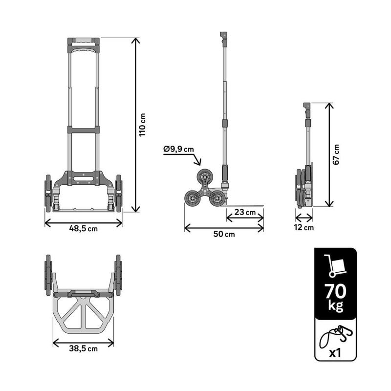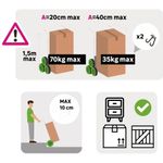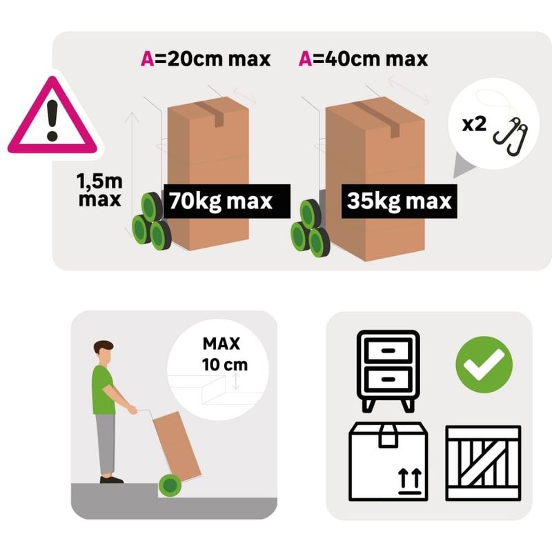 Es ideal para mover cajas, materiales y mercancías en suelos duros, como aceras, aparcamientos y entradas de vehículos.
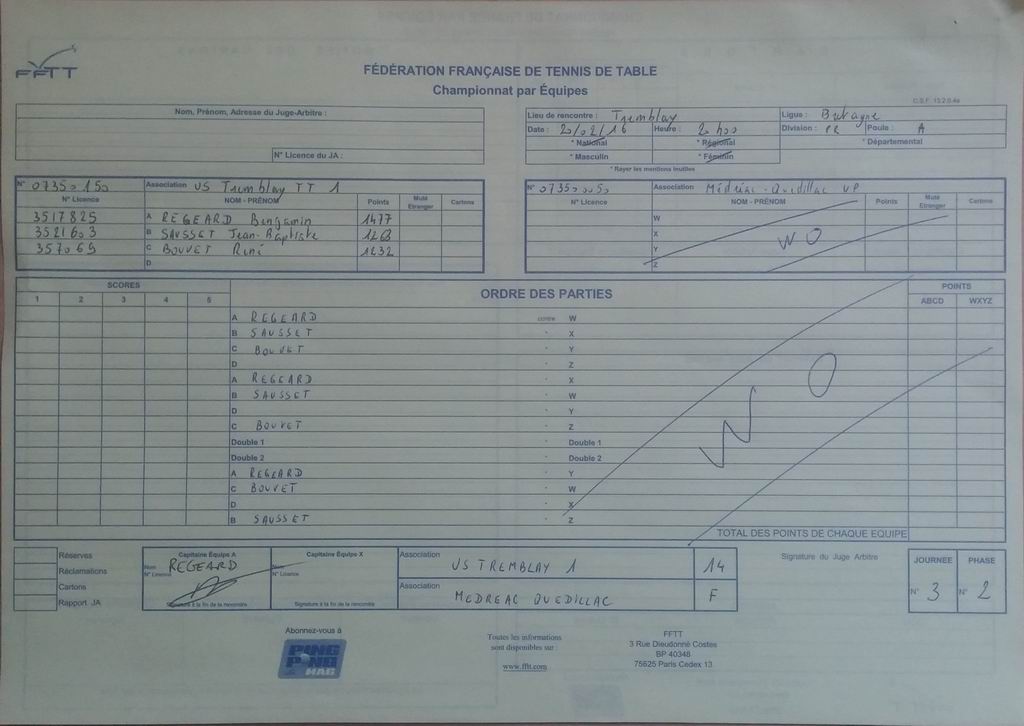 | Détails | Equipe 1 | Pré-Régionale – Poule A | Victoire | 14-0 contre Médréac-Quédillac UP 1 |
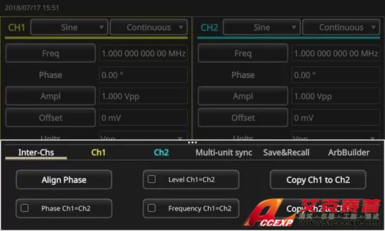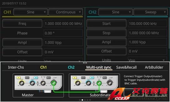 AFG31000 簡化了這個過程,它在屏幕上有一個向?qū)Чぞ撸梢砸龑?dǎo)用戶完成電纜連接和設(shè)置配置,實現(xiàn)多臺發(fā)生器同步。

┄┄┄┄┄┄

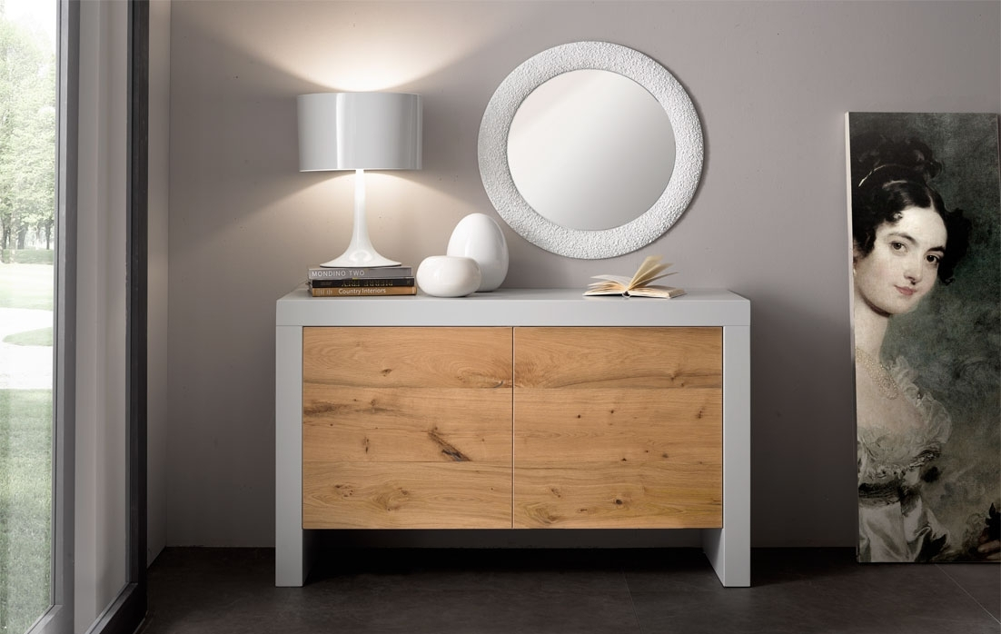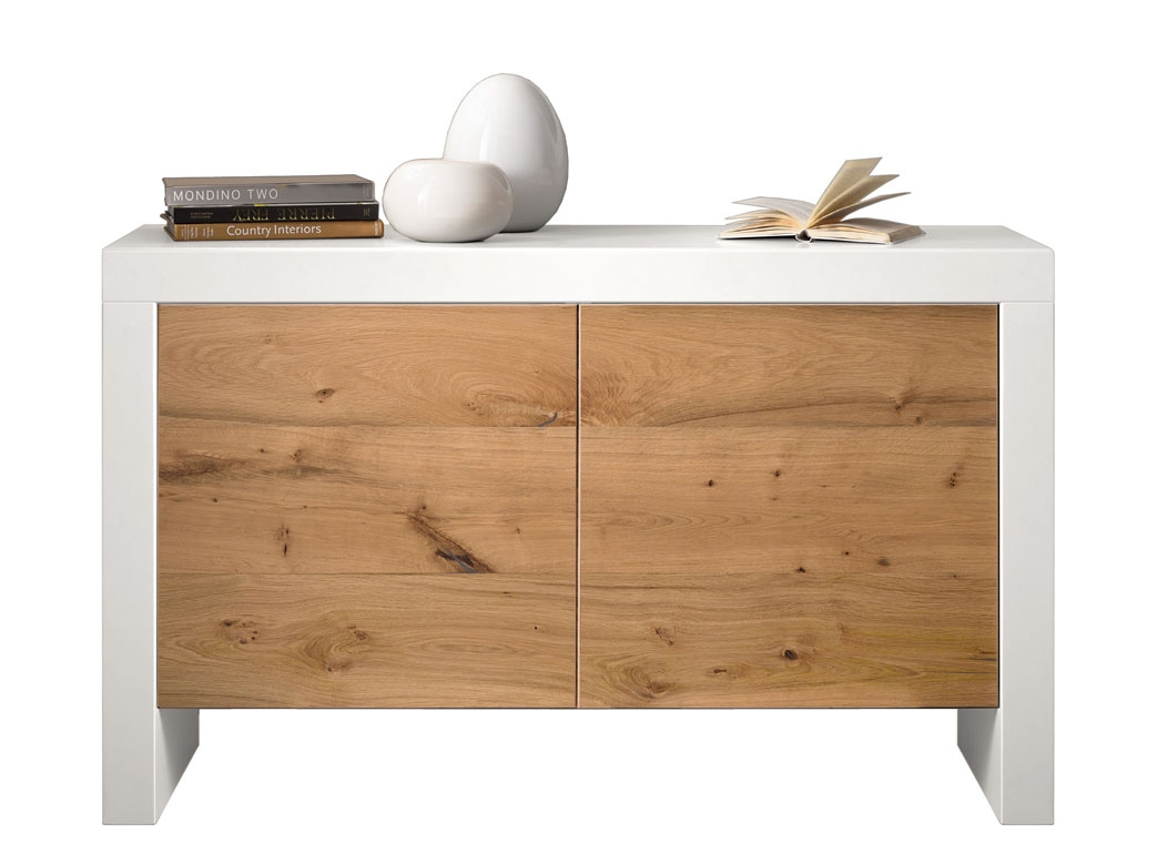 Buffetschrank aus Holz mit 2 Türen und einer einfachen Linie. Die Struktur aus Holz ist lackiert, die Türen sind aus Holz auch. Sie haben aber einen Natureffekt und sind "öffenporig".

┄┄┄┄┄┄

Above are some records; extract exactly the lines from the one containing "Es ideal para" through the one containing "AFG31000 簡化了這個" and drop the pictures.

YOUR SOLUTION:
 Es ideal para mover cajas, materiales y mercancías en suelos duros, como aceras, aparcamientos y entradas de vehículos.
 | Détails | Equipe 1 | Pré-Régionale – Poule A | Victoire | 14-0 contre Médréac-Quédillac UP 1 |
 AFG31000 簡化了這個過程,它在屏幕上有一個向?qū)Чぞ撸梢砸龑?dǎo)用戶完成電纜連接和設(shè)置配置,實現(xiàn)多臺發(fā)生器同步。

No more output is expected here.